A week in Egypt with Michael Jackson, the pyramids and unrelenting beauty

Here's the scene: I'm riding into the Sahara Desert, inhaling a dry wind that has remained unchanged for thousands of years. I'm on my way to run my fingertips over the last remaining Wonder of the World — the hulking and hauntingly beautiful Pyramids of Giza, silhouetted against a sky so bright it's white. And I'm on the back of a camel named Michael Jackson.

Hold the phone. Let's talk about temporal confusion.

I came to Egypt expecting, as I suppose everyone does, a nation steeped in antiquity. It is, after all, the seat of one of the oldest advanced human civilizations. As any sixth grader worth his salt will tell you, it's where writing was invented, where nomadic wandering became an agricultural bureaucracy, and where architectural feats impressive even to those equipped with modern technology were completed with a flourish of human willpower. Beyond all that, I'm beginning to discover that Egypt is a nation whose 5,000-year-old recorded history has been — and continues to be — profoundly molded by outsiders. In the last 2000 years alone, this place has been run by Persians, Romans, Turkish Mamluks, Arabs, the French (briefly under Napoleon), the Ottomans, and the British. And now, even an independent Egypt (since 1952) depends, as the cornerstone of its economy, on the droves of tourists who enter its borders each year, cameras and guidebooks and Euros and dollars in tow.
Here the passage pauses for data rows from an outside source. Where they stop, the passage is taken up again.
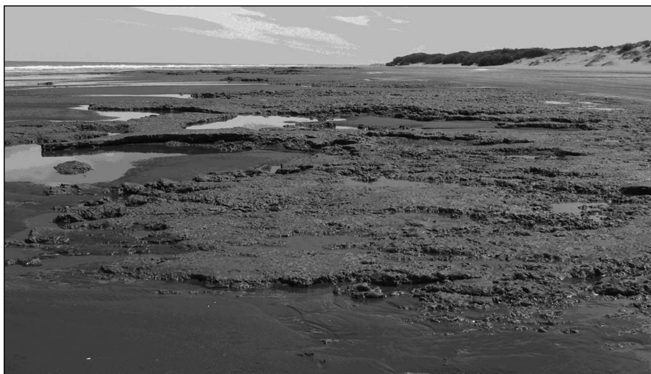
Figura 3. Perfil de playa con afloramientos rocosos.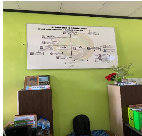
Gambar 1.2. Struktur Organisasi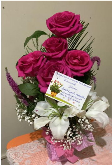
Abbildung 6: Blumenstrauß zur Begrüßung

Der Chef der Einrichtung César Augusto Loarte Cueva bot mir daraufhin an, in den Süden Perus zu kommen und mir die Einrichtung anzusehen. Aufgrund von Streiks platzte mein ursprünglich im November 2022 geplanter Besuch. Doch jetzt endlich sollte es soweit sein. Ab dem 16.01 warteten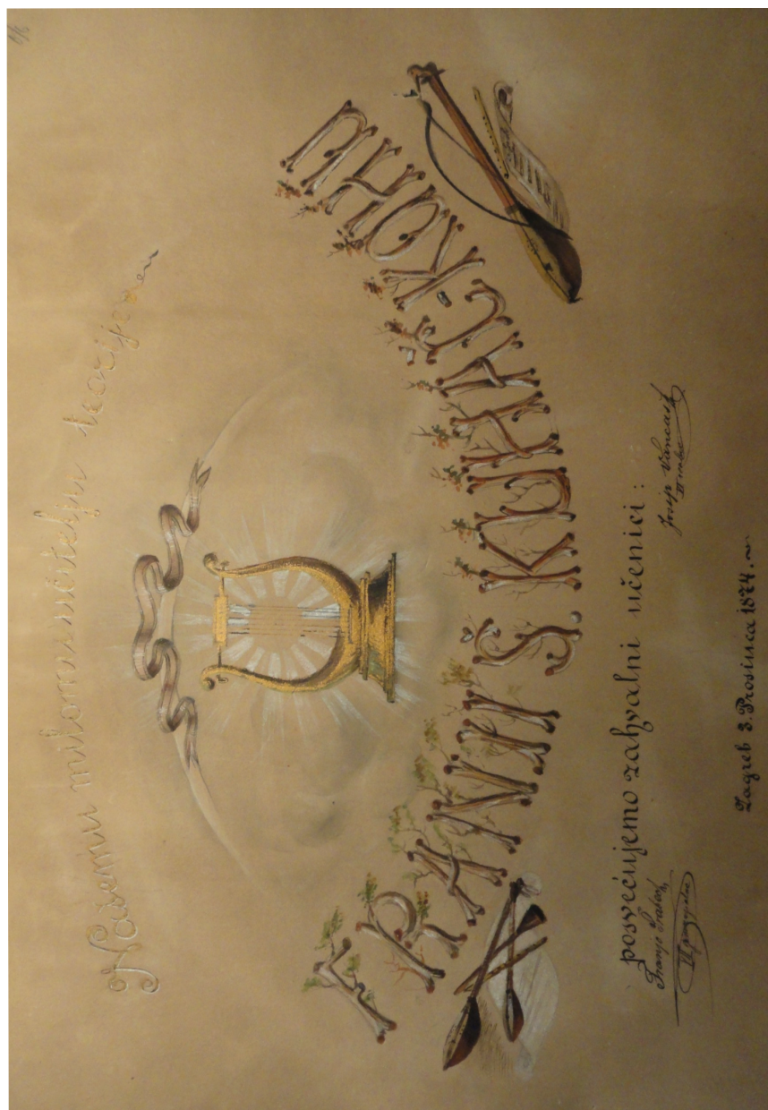
Sl. 4: Zahvala učenika Franje Šrabeca i Josipa Vancša, Zagreb, 3. XII. 1874.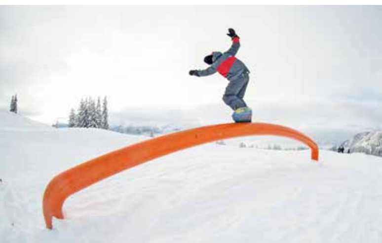
Tricks auf dem Rainbow-Rail und Kicker

Im Schnee konnten diese Bewegungen am 15. Dezember 2018 beim ersten Training am Hasliberg umgesetzt werden. Von da an war alle zwei Wochen ein Tagestraining ange-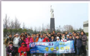
參觀過侵華日軍南京大屠殺遇難同胞紀念館後，我們對國家近代歷史有更深認識，對戰爭的影響也有更深體會。

六年級學生一行40人參加「南京、上海文化交流學習行」。四日三夜的行程讓學生透過參觀活動了解國情和認識中國歷史文化。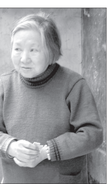
● Вся история КНР прошла на ее глазах.

скоростью 120 километров в час (разрешенная максимальная скорость в левом крайнем ряду магистралей КНР) несется в сторону Шанхая. Передо мной на раскромканом откидном столике стоит, колеблясь меньше, чем в поезде, стакан воды. А я тем временем записываю в блокнот, примощенном на колени, свежие впечатления. Пишу, не замечая скорости. Занятная деталь: китайские водители очень любят сигнализировать, особенно во время обгона или опережения. То ли здороваются так, то ли стараются дополнительно привлечь внимание... Транспорт - самый разнообразный и вполне современный. Носятся хонды, ниссаны, бьюики, фольксвагены, китайские марки, в том числе и трехколесные легковушки и грузовички. В воздухе - аэробусы и боинги. Кстати, на перелете из Пекина в Гуанчжоу наш самолет был забит под завязку, а очередь перед взлетной полосой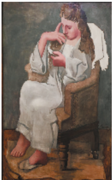
毕加索(西班牙) 阅读的女人

例如黄色,展览指出在西方“黄色的意义最负面”,骗子和说谎者通常身穿黄色服装,在体育中惩罚犯规的运动员,所以有“黄牌警告”一说。在我国则把黄色视为光明的象征,队旗上的星星和火把不就是指向光明前程的黄色吗?同样是西方人的凡·高,他画的向日葵系列,却强烈地表达了他对光明的向往。这正好说明现代艺术家在色彩上不受任何传统、文化的约束。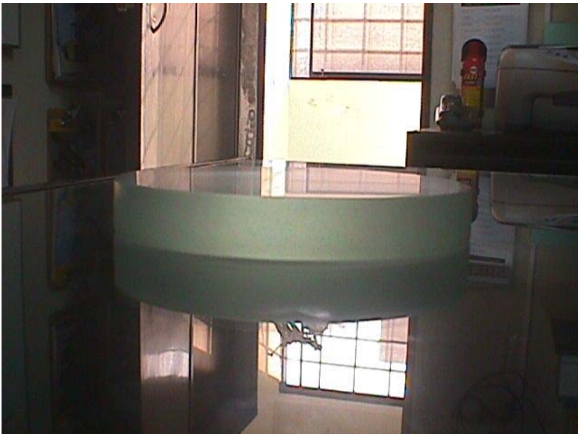
Aspecto al término del esmerilado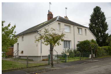
Vue d'un pavillon dit Reconstruction depuis la rue.

And this is precisely where Michael Jackson, the Pyramids, and I come into play. We are an anachronistic triumvirate and a perfect analogy for Modern Egypt. Let me break it down:

Ignoring for a moment the sordid press surrounding the real MJ, my Michael Jackson is a gentle camel of unquestionable intent. He is a wall-eyed, splay-legged grump of a six-year-old camel, whose neck and front legs share the dimpled texture of a 1970-era sofa. His ancestors arrived on Egyptian soil in the 6th century B.C. along with Persian rule, and have since become requisite fixtures in the Egyptian landscape. My particular camel is, at risk of confusing my pop-icons, the McJagger of desert beasts; his mouth is unnervingly enormous and his teeth — great, mossy green Chiclets — protrude from his lower lips, lending him a perpetually bemused expression.With each step, he makes a gurgling purr, precisely like that of an automatic coffee maker that's run out of water, and his gait of choice is a kind of undulating saunter.This last bit is important because it requires that I perform a scissor-legged death grip upon his sides whilst bouncing free from the saddle every second step and landing with full force upon my tailbone. This clenched-leg whiplash maneuver is made slightly less pleasant by the fact that Michael's saddle — three blankets of misleadingly cheerful colors — has all the charm of a porcupine pelt and has chafed off a hoagie-sized portion of skin on both of my inner thighs. Upon dismounting Michael at the end of the day, I walk away from the stable with an affected bow-legged swagger, leaving my dignity to fend for itself, among the chortling stable hands. When I arrive home, the man who runs my hostel laughs gently suggesting that perhaps I have a case of Camel Rump. When I look horrified, he assures me that people have suffered similarly since Alexander. Indeed, misery does take a certain pleasure from imagining some Turkish sultan discreetly limping away from a day spent upon MJ's distant relative.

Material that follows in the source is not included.